INPUT FOR THIS TASK =
= = = =
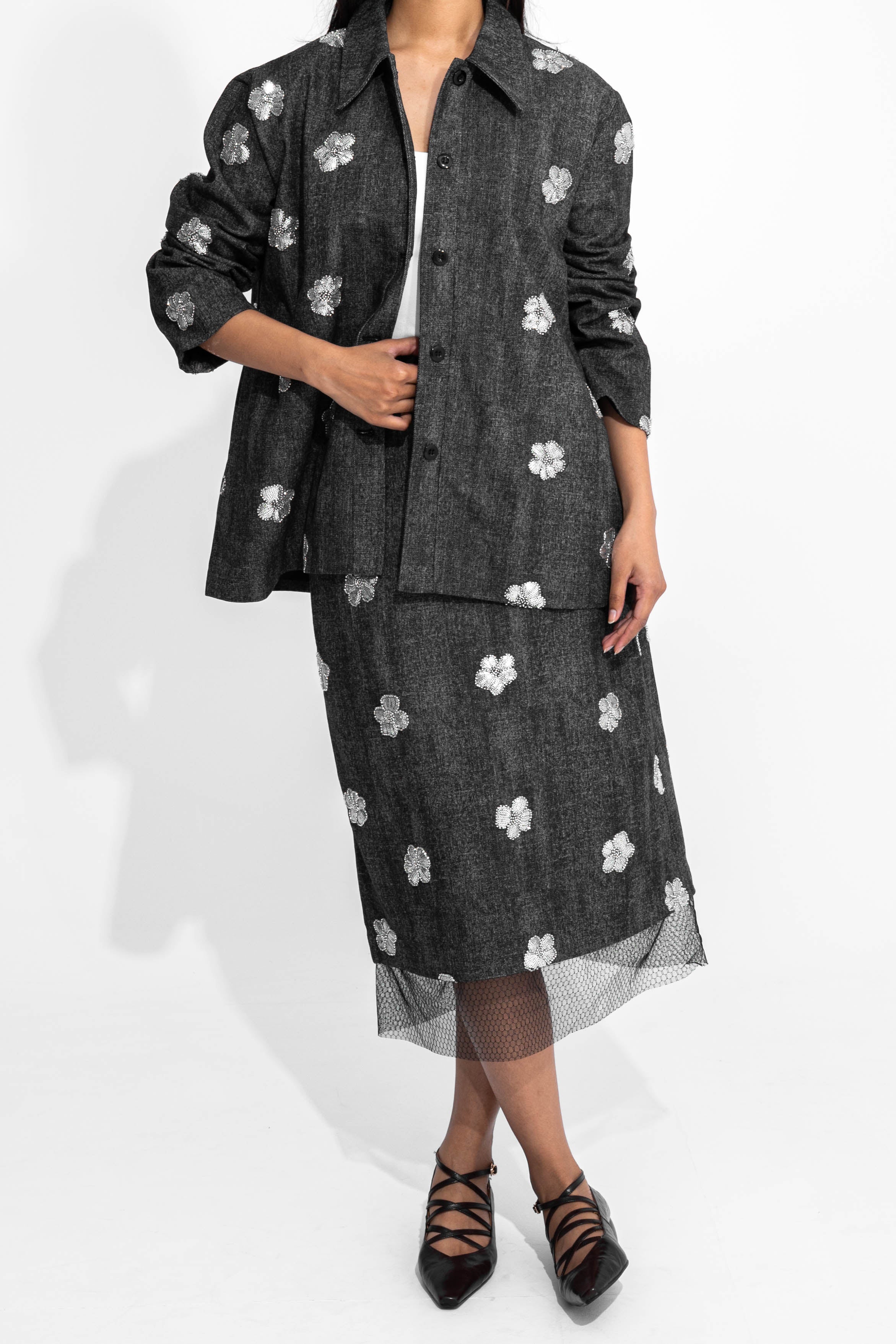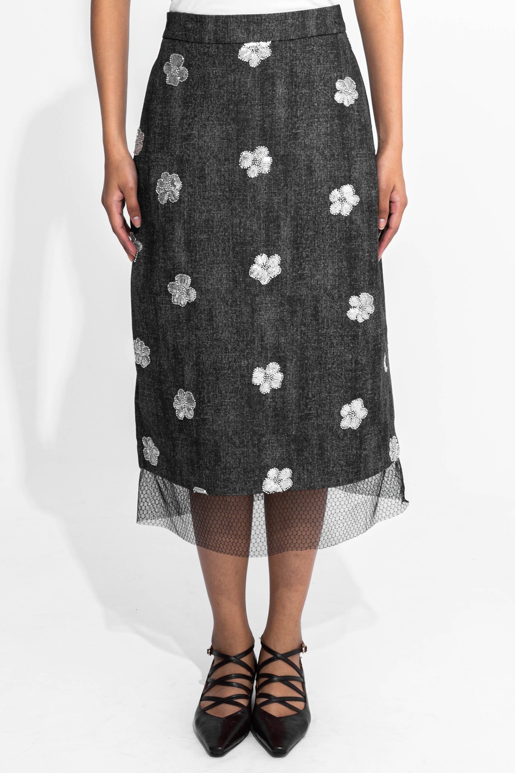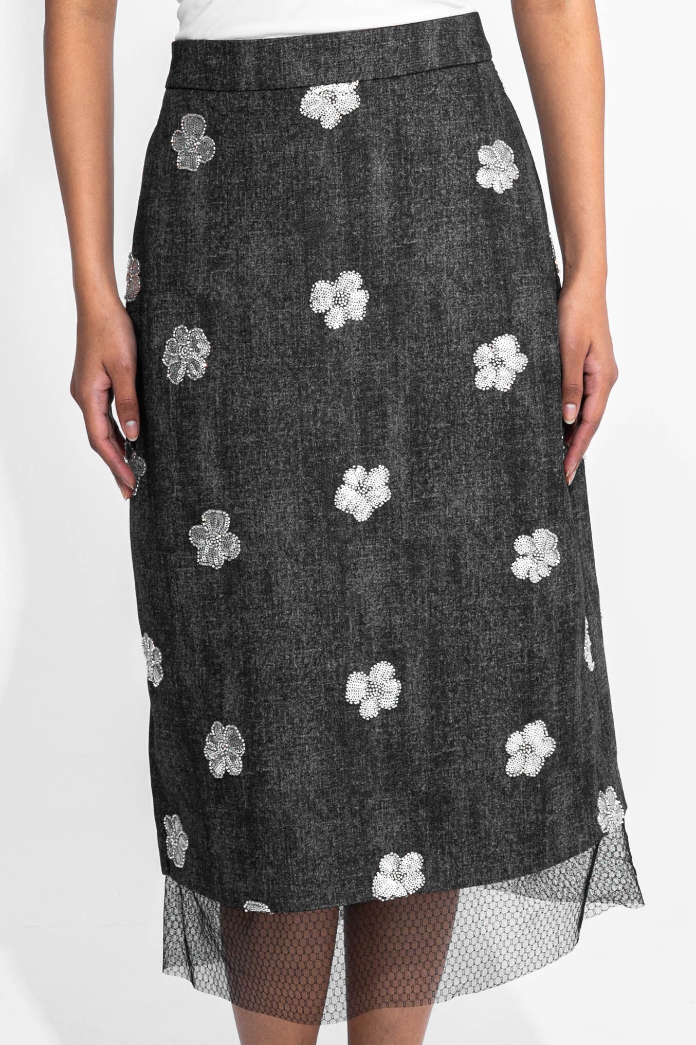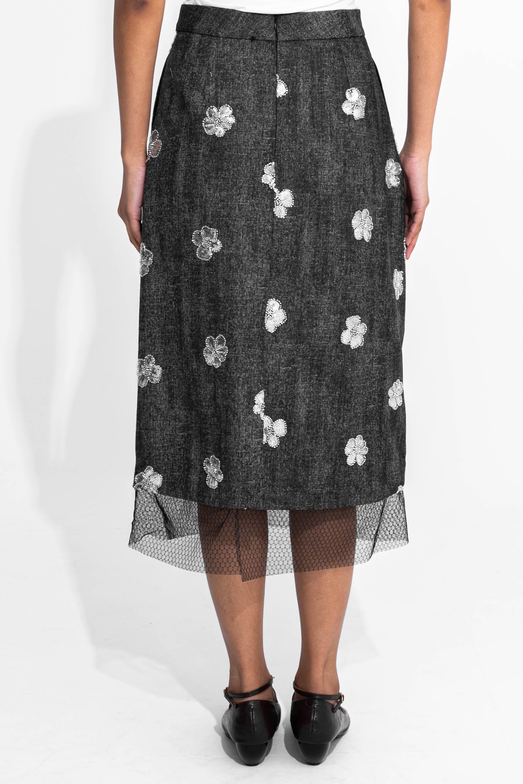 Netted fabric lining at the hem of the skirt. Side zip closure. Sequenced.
= = = =
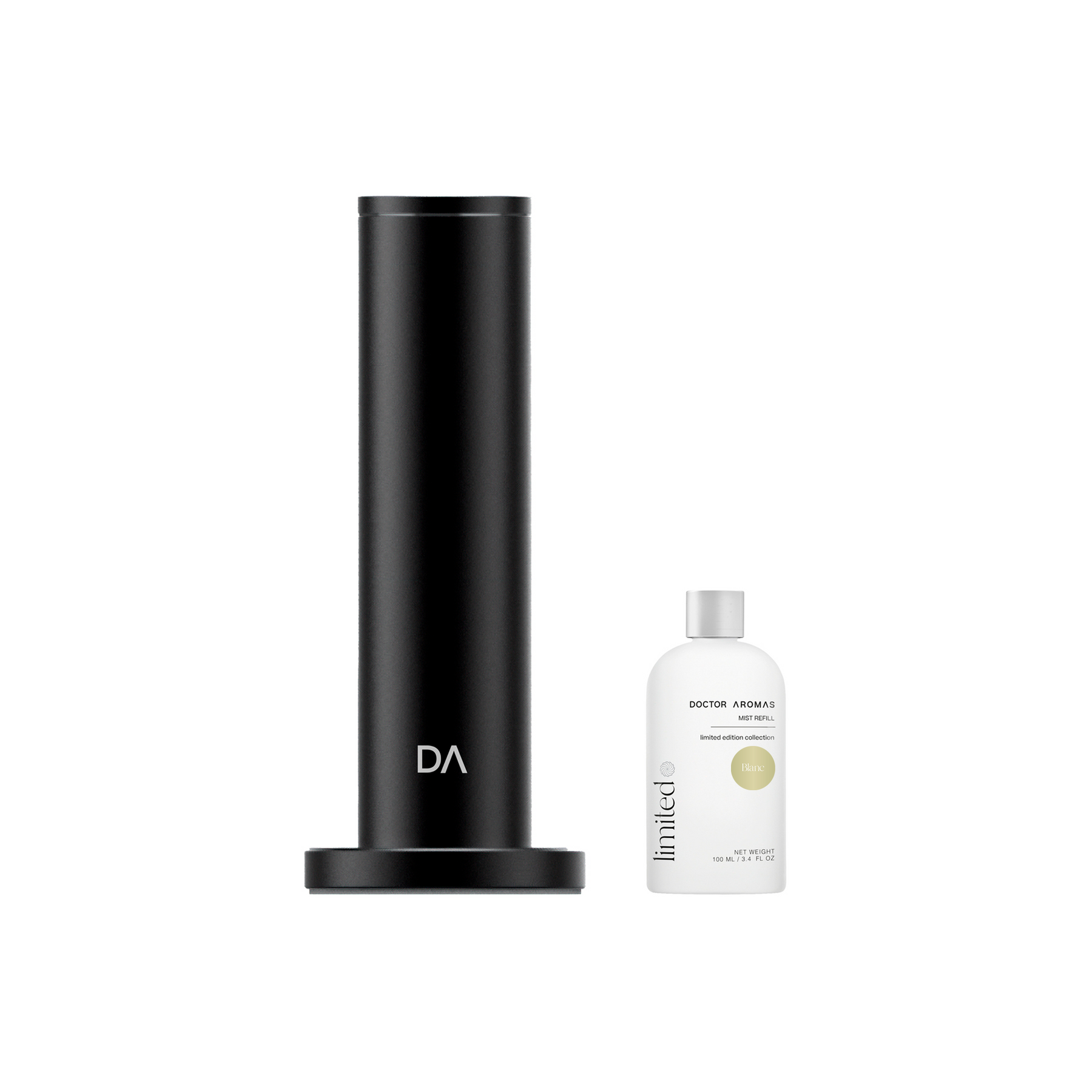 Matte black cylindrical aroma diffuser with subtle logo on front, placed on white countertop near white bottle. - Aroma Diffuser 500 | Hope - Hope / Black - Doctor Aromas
= = = =
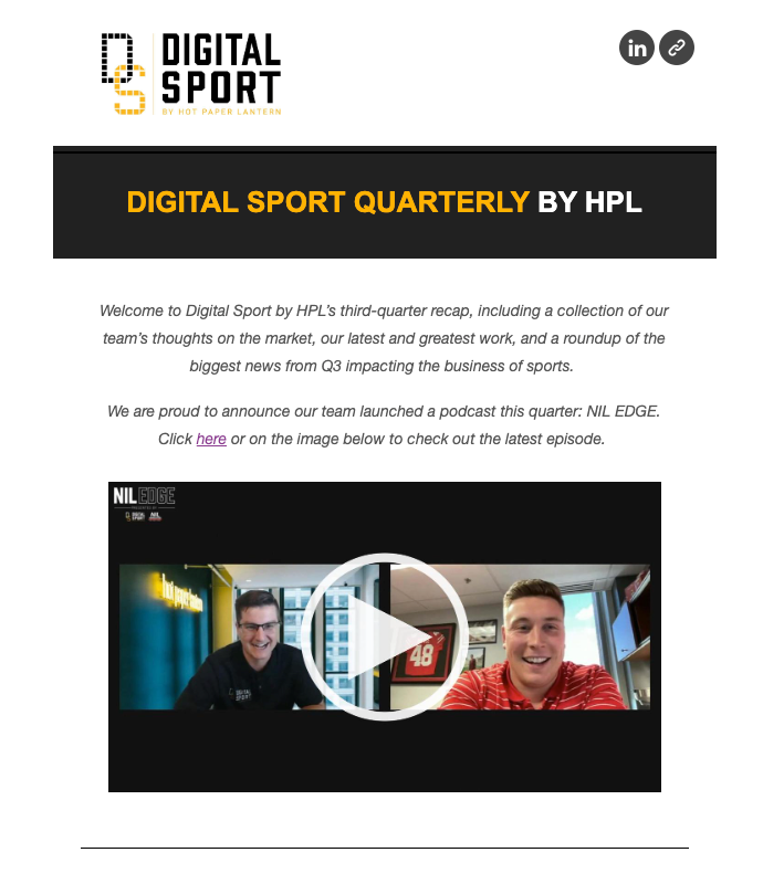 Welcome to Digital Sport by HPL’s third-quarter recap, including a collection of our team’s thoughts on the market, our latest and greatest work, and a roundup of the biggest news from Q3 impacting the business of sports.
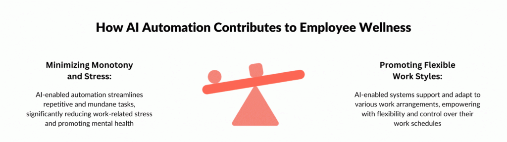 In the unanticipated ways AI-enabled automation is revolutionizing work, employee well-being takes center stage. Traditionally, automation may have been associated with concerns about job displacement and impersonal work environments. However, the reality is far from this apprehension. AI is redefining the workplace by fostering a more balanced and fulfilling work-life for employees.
= = = =
Quote word for word only the lines above from the one containing "Welcome to Digital" through the one containing "In the unanticipated". Pictures stay out of your copy.

 Welcome to Digital Sport by HPL’s third-quarter recap, including a collection of our team’s thoughts on the market, our latest and greatest work, and a roundup of the biggest news from Q3 impacting the business of sports.
 In the unanticipated ways AI-enabled automation is revolutionizing work, employee well-being takes center stage. Traditionally, automation may have been associated with concerns about job displacement and impersonal work environments. However, the reality is far from this apprehension. AI is redefining the workplace by fostering a more balanced and fulfilling work-life for employees.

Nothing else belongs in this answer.